To prevail on her due process claim stemming from the denial of her continuance motion, Pan must show that the grant of a continuance would have affected the outcome of the case by, for example, allowing her to put forward a meritorious claim for relief. At the BIA, Pan submitted an application for cancellation of removal, but she failed to offer any significant evidence in support. She claims that her mother is an infirm, U.S. citizen but she offered not so much as even a record of her mother's birth certificate or naturalization documentation. Nor does she offer any evidence that her mother is, in fact, infirm. In short, Pan has done nothing to demonstrate that her removal would cause the "exceptional and extremely unusual hardship" necessary to sustain an application for cancellation of removal. There is nothing before this court that convinces us that Pan has made a "strong showing in support" of her application such that a remand would actually change the outcome of the case.

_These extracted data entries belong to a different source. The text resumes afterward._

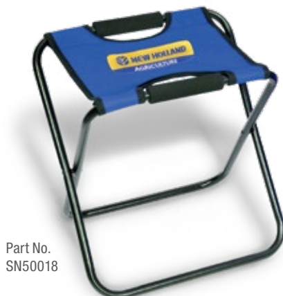
Part No. SN50018
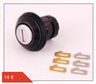
Required for 35L top box; cylinder body kit for 1-key operation. To be combined with cylinder inner kit (08885-HAC-P00).
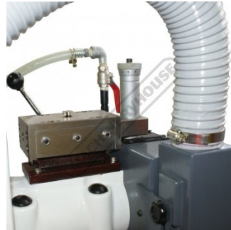
Parallel Wheel Dresser Micro Adjustment Spindle
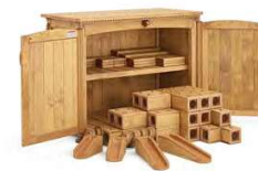
Nursery Classic Set with Storage W389 Includes Outlast Storage Unit with 27 Blocks, 27 Planks, 6 Steering Wheels and 4 Ramps
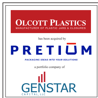
INJECTION & BLOW MOLDED PACKAGING
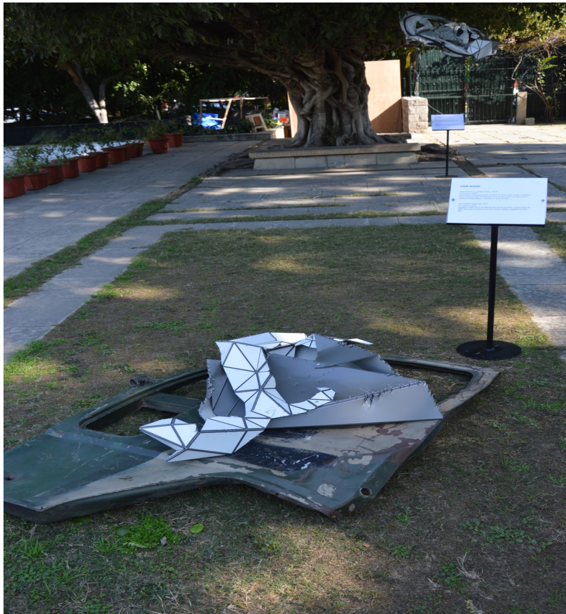
ASIM WAQIF , Collapse analysis: Vehicle Factory Jabalpur Door 2019
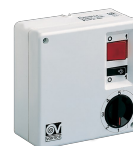
SCNRL5 UNIF. X NK SOFFITTO Code 12957
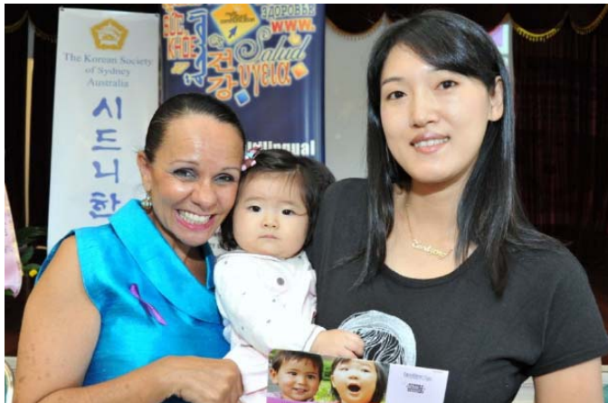
Mother and daughter thank Linda Burney for the new Korean flipchart

The English version of the resource in a flipchart format was first produced in 2006 by Families NSW to help parents give their children a good start in life. Titled 'Love Talk Sing Read Play', the flipchart is already available in three other community languages, Arabic, Chinese and Vietnamese, a project undertaken by the NSW Multicultural Health Communication Service.
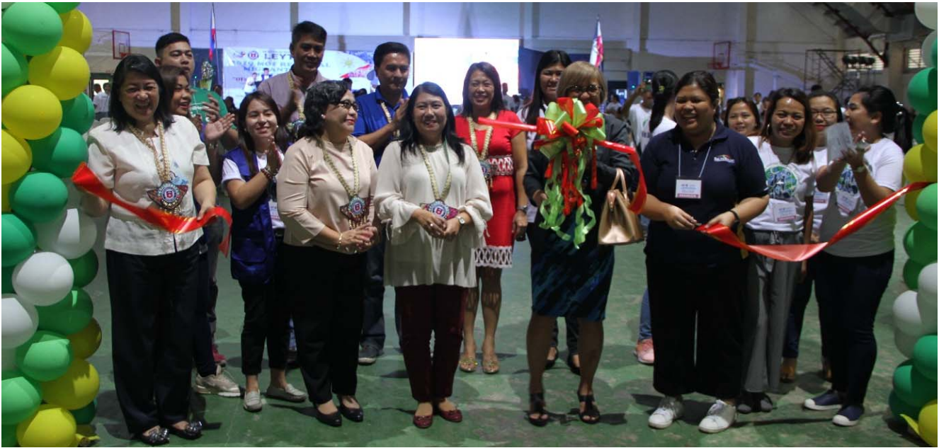
Migrant Fair in Leyte

The kick-off activities of the IAC-MOF are the Regional Migrant Fairs held in Koronadal, South Cotabato (October 16, 2019), Sorsogon City, Sorsogon (October 25, 2019) and Palo, Leyte (November 11, 2019). The areas (coming from Luzon, Visayas and Mindanao) have been identified to have large concentration of OFW families.
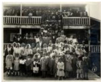
[Group on temple steps] (2021_07_10265)
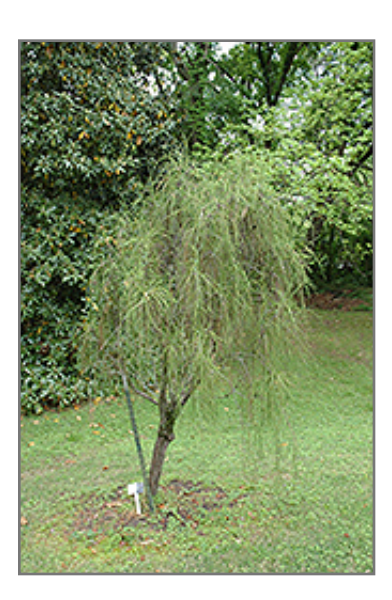
Threadleaf Arborvitae
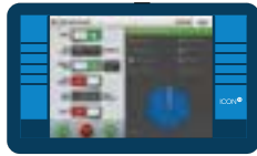
VALLEY ICON 10 ™

Valley ICONX™ easily brings any control panel – including all major pivot brand panels – into the AgSense or BaseStation3 network. It takes control of an existing panel to deliver full ICON features. It's an affordable way to upgrade and put more pivots on a single network for easier irrigation management.
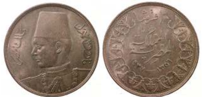
88992. EGYPT: AR 20 piastres, 1937/AH1356, KM-368, bust of King Farouk, choice unc $275
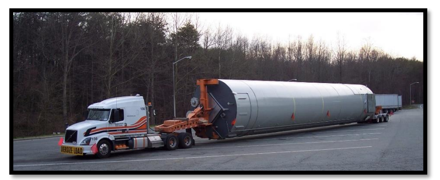
Shop Welded, One Piece Silos
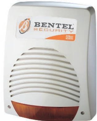
CALL Self-powered siren for outdoor use. Antifoam and strobo versions.
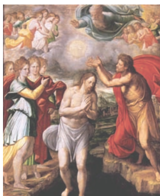
Baptism of Jesus, Juan Fernandez de Navarrete
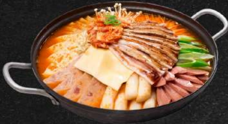
Waygu Beef Army Stew 와규 소고기 부대찌개

TOP UP CHEESE $3 | TOP UP RICE CAKE $4 | TOP UP NOODLE $3 | TOP UP FISHCAKE $4 TOP UP SPAM $4 | TOP UP SAUSAGE $4 | TOP UP ENOKI MUSHROOM $3 | TOP UP RICE $3

See 8 U.S.C. § 1229b(b)(1)(A)-(D) (requiring that the noncitizen's removal cause "exceptional and extremely unusual hardship to the alien's . . . parent . . . who is a citizen of the United States or an alien lawfully admitted for permanent residence").
Anwar, 116 F.3d at 144.
Pan has failed to make a strong showing of support for either of her due process arguments. They necessarily fail, and this court need not reach the question of whether a due process violation actually occurred.
B
Decisions to deny a continuance are reviewed for abuse of discretion. There is no abuse of discretion so long as the decision is "not capricious, racially invidious, utterly without foundation in the evidence, or otherwise so aberrational that it is arbitrary rather than the result of any perceptible rational approach."
Masih v. Mukasey, 536 F.3d 370, 373 (5th Cir. 2008).

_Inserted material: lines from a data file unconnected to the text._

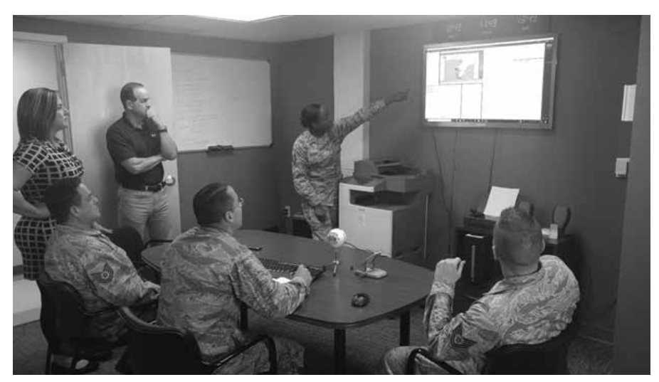
The Network Control Station and SPS staff conducting a communications exercise, using the SAVICO.

Another date which is of importance where the new approach of the SICOFAA directly affects the SITFAA was the unfortunate earthquake in Ecuador in April 2016. During the mentioned event the network control SITFAA handled an enormous amount of information of the time, which made difficult their timely dissemination system, basically that information would be handled point to point, reason which arises theneed to implement a tool capable of providing information in a centralized way and in real time for all the members of the SICOFAA.
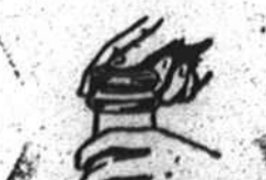
EASY TO RE-SEAL A tight groove in the hand seaps the cap back in place.
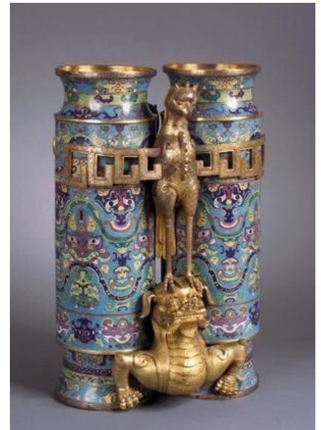
Cloisonné double vase, Chinese 18 th century. George Walter Vincent Smith Art Museum, Springfield, Mass.
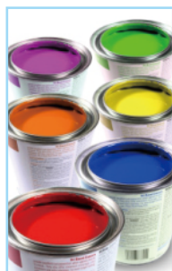
Paint & Ink
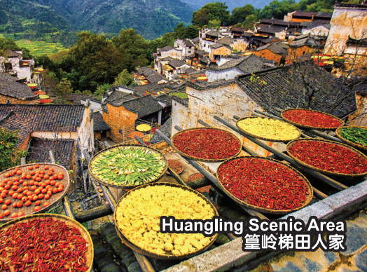
Huangling Scenic Area 皇岭梯田人家
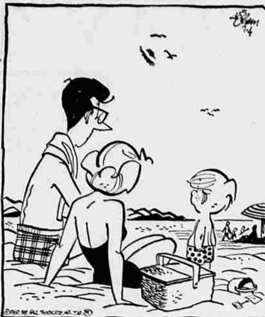
"THE TROUBLE IS ALMOST ALL THAT WATER IS OVER MY HEAD!"
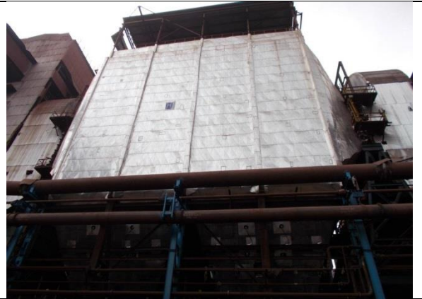
Sinter Plant 2 Waste Gas ESP
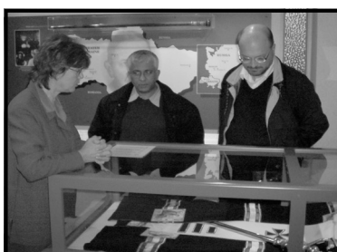
Redemptorist General Consultors from Rome
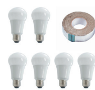
Focus Lightbulb Pack
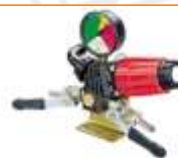
PRESURE CONTROL VALVE

5 mode pressure control valve for different discharge control
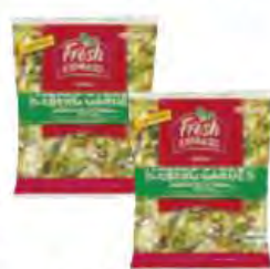
Fresh Express Garden Salad 12 oz. pkg.
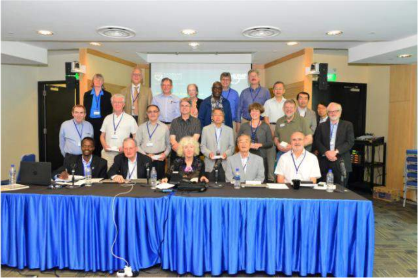
1 3 Executive Council, Commission & Affiliate Commission Chairs 2011-2014
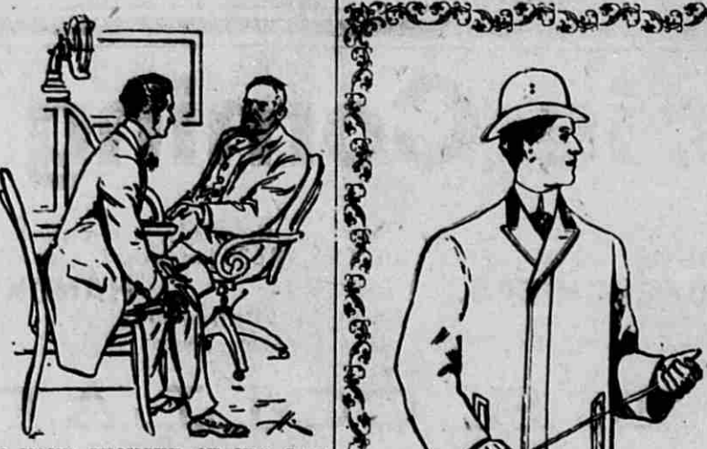
"I HAVE THOUGHT OF IT," SAID MR. MORTON.

"I do not concede that," interrupted Mr. Morton. "That, however, has nothing to do with your proposition. I am willing to listen to it."

Cabral v. Holder, 632 F.3d 886, 890 (5th Cir. 2011) (quoting Galvez-Vergara v. Gonzales, 484 F.3d 798, 801 (5th Cir. 2007)).
Pan's abuse of discretion argument fails. It is not an abuse of discretion if the IJ offers a "perceptible rational approach" to the denial of a continuance. The IJ did just that when she criticized counsel for not bringing the motion at any point prior to the third master calendar hearing. Pan's counsel has conceded several times that the IJ informed her that the February hearing would be for applications as well as pleadings, and Pan has not offered a single reason why counsel did not seek a continuance before the hearing.
Id.
* * *
The judgment of the Board of Immigration Appeals is AFFIRMED, and Pan's petition for review is DENIED.
[*] Pursuant to 5TH CIRCUIT RULE 47.5, the court has determined that this opinion should not be published and is not precedent except under the limited circumstances set forth in 5TH CIRCUIT RULE 47.5.4.